In the News (from BBC News): “Greek politicians have approved a bill on austerity measures needed for a new bailout.
“The austerity measures have been demanded by the EU, the International Monetary Fund (IMF) and the European Central Bank (ECB) – the so-called Troika – as a condition for handing over a further loan.
“The agreement will unlock the latest 130bn euros (£108bn; $171bn) in bailout loans and allow a further 100bn-euro write-off of the country’s debt to private banks. …
“Greece was told to agree to further cuts in government spending equal to 1.5% of GDP, cuts in pensions and thousands more civil service job cuts. …
“Despite the austerity measures taken so far, the Greek government still spends more than it receives in taxes.
“Some economists and Greek unions say the plan is doomed to fail. They argue that by making people poorer the measures will simply shrink the Greek economy, reducing tax revenues and increasing the deficit.
“But EU leaders argue that there is no choice, that spending needs to fall even if it hurts the economy in the short term.
“Further they argue that increasing competitiveness, by lowering wages for example, will attract business to Greece and thereby boost the economy and taxes.”

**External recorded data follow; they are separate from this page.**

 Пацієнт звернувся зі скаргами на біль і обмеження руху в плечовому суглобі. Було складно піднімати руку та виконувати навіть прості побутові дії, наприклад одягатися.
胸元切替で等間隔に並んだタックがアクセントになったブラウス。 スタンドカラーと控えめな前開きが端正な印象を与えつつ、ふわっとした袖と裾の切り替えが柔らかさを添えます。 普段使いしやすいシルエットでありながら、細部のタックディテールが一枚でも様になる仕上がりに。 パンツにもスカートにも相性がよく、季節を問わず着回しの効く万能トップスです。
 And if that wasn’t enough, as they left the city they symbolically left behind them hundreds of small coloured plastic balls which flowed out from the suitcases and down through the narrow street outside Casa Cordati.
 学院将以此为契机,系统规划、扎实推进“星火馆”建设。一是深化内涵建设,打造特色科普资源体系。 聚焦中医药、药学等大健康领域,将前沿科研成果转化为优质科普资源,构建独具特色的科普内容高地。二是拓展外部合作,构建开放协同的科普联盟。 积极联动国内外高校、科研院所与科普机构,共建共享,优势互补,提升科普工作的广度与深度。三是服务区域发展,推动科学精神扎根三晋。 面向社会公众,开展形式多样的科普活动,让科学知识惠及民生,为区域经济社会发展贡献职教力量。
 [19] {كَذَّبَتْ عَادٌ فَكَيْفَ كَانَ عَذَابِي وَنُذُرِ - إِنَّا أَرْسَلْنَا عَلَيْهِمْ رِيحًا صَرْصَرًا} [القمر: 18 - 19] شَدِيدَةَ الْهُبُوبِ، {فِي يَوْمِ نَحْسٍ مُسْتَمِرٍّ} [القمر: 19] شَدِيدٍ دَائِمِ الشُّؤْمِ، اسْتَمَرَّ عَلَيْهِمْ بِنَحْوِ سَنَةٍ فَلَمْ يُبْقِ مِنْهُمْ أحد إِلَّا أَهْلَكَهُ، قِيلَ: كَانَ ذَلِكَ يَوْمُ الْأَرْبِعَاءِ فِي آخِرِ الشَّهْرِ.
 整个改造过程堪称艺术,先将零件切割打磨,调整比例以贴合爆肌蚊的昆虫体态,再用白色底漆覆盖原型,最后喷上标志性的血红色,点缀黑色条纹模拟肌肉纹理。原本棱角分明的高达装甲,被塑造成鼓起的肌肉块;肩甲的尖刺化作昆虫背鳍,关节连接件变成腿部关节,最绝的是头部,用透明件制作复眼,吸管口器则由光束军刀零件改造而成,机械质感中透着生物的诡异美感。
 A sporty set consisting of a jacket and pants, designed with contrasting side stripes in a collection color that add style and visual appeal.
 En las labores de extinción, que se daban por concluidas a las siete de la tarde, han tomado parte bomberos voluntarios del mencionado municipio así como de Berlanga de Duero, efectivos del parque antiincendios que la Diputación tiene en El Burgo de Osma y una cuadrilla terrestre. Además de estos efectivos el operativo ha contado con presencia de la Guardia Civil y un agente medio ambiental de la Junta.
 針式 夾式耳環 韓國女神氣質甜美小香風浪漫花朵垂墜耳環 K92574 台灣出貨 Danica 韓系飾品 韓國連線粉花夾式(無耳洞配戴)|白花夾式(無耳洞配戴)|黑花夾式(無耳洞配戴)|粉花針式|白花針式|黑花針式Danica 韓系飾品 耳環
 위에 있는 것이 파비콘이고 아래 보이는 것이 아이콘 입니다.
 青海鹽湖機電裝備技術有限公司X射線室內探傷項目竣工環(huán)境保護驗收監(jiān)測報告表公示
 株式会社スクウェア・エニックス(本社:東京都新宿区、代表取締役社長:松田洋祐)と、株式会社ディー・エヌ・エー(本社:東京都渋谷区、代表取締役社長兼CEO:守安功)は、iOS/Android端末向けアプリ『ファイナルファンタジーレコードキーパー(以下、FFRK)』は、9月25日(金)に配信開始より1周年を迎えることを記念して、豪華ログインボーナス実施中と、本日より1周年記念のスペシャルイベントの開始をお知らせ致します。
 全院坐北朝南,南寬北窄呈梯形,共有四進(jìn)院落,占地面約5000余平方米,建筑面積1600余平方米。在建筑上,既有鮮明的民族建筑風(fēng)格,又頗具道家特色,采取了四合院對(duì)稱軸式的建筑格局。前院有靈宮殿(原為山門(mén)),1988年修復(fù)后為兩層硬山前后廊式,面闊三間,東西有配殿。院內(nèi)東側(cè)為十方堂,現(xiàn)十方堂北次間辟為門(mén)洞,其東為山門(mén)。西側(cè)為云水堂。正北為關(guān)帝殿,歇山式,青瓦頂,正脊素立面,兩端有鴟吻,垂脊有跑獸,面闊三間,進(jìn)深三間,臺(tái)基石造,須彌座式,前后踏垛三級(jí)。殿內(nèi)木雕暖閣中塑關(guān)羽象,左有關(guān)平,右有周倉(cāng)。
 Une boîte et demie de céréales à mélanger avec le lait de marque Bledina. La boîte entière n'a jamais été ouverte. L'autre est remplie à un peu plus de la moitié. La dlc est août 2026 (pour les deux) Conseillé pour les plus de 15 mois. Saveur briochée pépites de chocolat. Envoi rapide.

My Comment: Maybe the EU and the rest of the world will learn from this: Greece must develop an economy of reasonable consumption, and not take the course of growing consumption; Greece must take the course of reasonable and equitable distribution of necessities for existence, and educating the population in the spirit of integration and mutual guarantee. In this case, within a short time, the country will definitely show the way to the entire EU.